### Activity
Return all the lines below exactly. Any picture among them is omitted.
Provided data: Begin
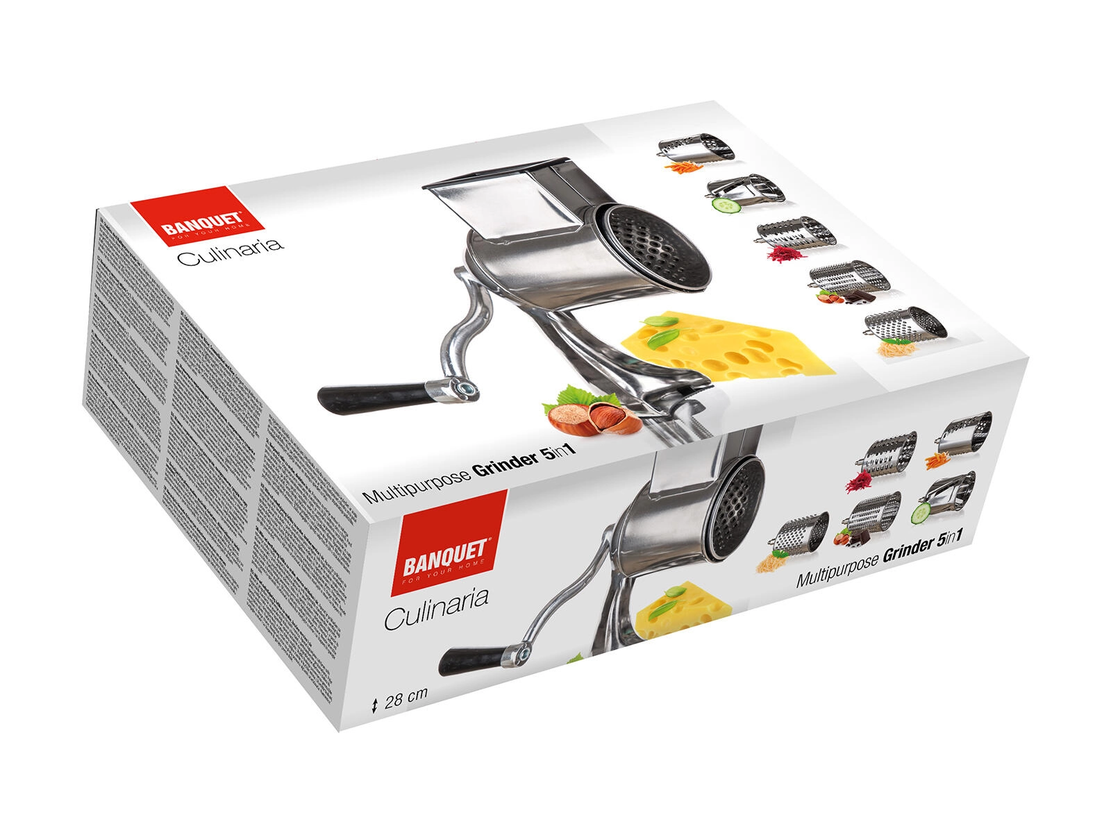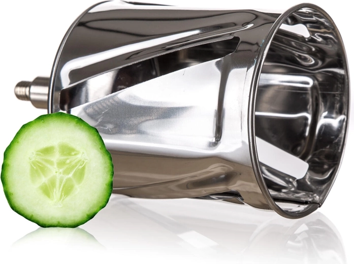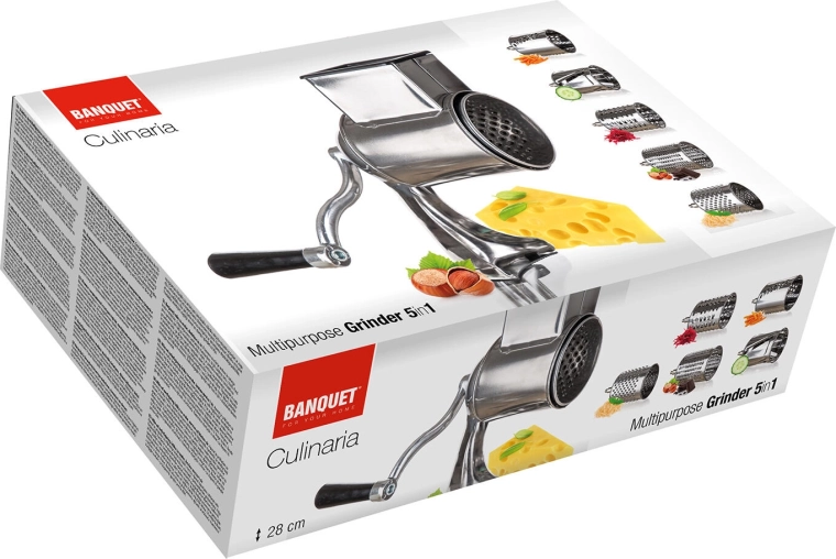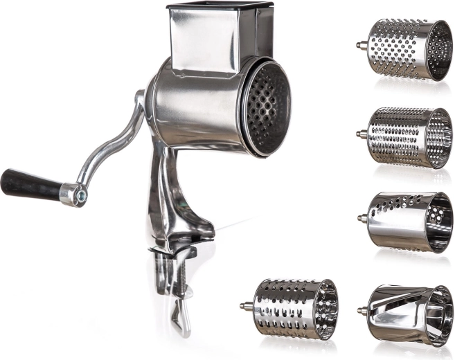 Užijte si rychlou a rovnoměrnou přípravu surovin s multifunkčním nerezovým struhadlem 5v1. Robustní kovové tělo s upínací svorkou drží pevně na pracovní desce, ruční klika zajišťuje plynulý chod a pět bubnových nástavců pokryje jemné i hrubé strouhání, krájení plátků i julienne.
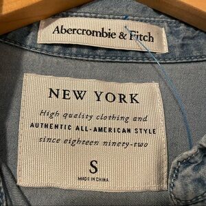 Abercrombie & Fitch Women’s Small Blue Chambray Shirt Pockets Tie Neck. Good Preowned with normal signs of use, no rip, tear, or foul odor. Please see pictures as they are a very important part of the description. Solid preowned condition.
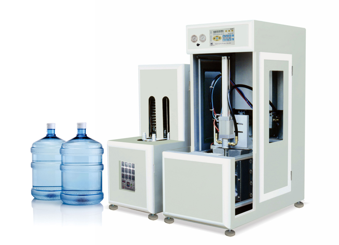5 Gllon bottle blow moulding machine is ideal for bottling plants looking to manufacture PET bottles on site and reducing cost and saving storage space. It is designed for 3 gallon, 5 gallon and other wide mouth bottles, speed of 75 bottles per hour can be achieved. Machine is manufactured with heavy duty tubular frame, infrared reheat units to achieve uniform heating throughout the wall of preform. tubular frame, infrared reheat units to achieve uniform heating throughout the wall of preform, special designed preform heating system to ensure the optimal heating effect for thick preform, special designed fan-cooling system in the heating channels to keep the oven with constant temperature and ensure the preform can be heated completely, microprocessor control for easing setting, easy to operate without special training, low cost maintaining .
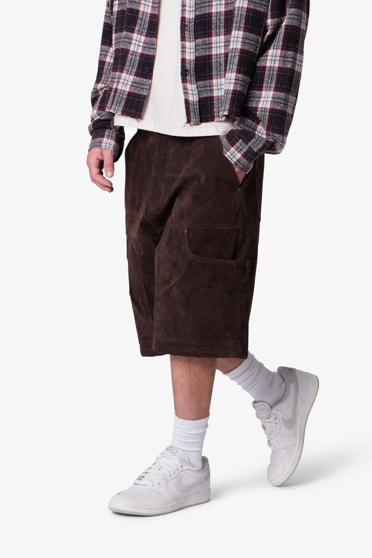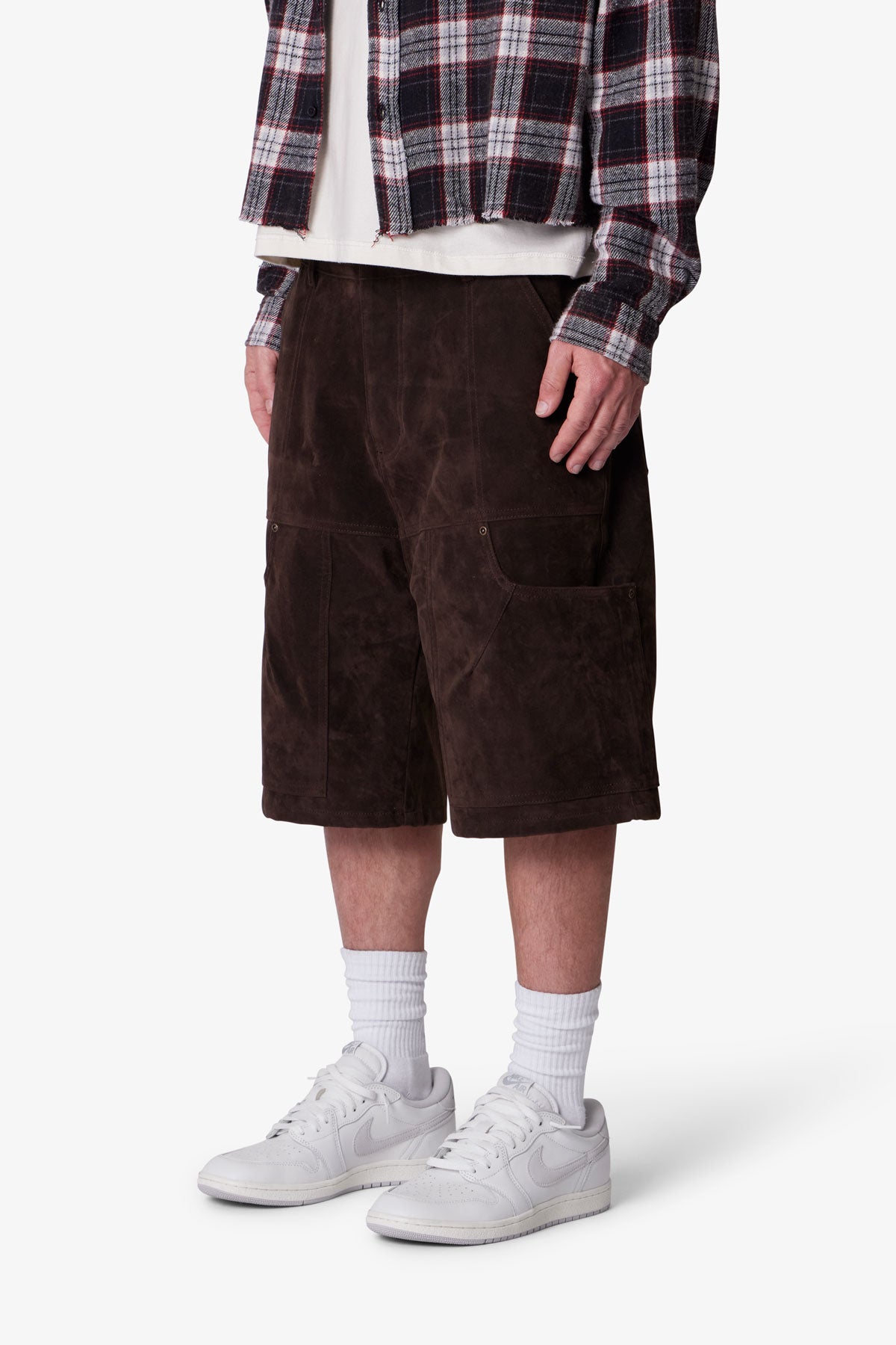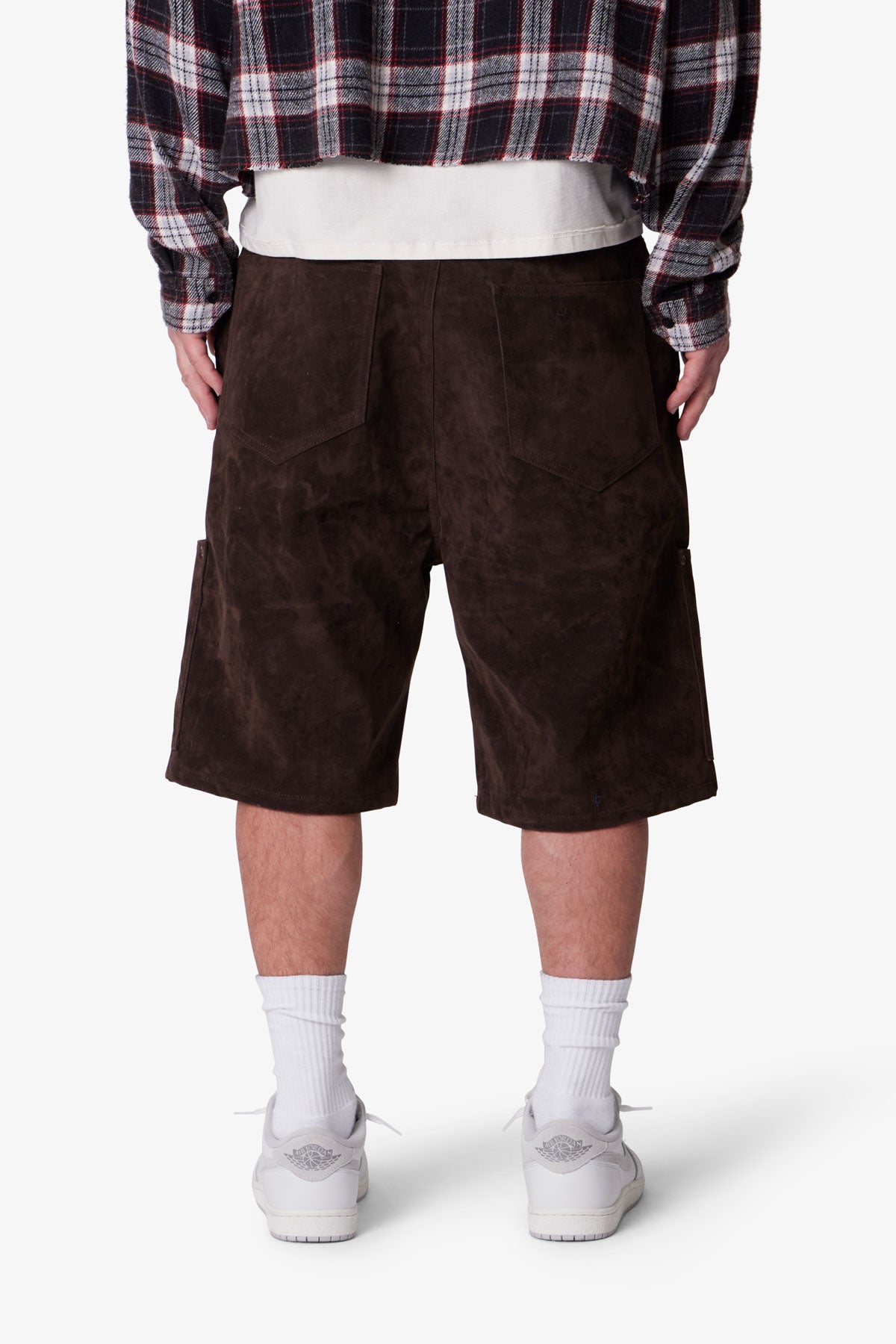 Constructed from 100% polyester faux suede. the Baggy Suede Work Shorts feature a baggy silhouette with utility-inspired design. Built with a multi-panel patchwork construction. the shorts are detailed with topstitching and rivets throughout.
Provided data: End
### Solution to this problem
 Užijte si rychlou a rovnoměrnou přípravu surovin s multifunkčním nerezovým struhadlem 5v1. Robustní kovové tělo s upínací svorkou drží pevně na pracovní desce, ruční klika zajišťuje plynulý chod a pět bubnových nástavců pokryje jemné i hrubé strouhání, krájení plátků i julienne.
 Abercrombie & Fitch Women’s Small Blue Chambray Shirt Pockets Tie Neck. Good Preowned with normal signs of use, no rip, tear, or foul odor. Please see pictures as they are a very important part of the description. Solid preowned condition.
5 Gllon bottle blow moulding machine is ideal for bottling plants looking to manufacture PET bottles on site and reducing cost and saving storage space. It is designed for 3 gallon, 5 gallon and other wide mouth bottles, speed of 75 bottles per hour can be achieved. Machine is manufactured with heavy duty tubular frame, infrared reheat units to achieve uniform heating throughout the wall of preform. tubular frame, infrared reheat units to achieve uniform heating throughout the wall of preform, special designed preform heating system to ensure the optimal heating effect for thick preform, special designed fan-cooling system in the heating channels to keep the oven with constant temperature and ensure the preform can be heated completely, microprocessor control for easing setting, easy to operate without special training, low cost maintaining .
 Constructed from 100% polyester faux suede. the Baggy Suede Work Shorts feature a baggy silhouette with utility-inspired design. Built with a multi-panel patchwork construction. the shorts are detailed with topstitching and rivets throughout.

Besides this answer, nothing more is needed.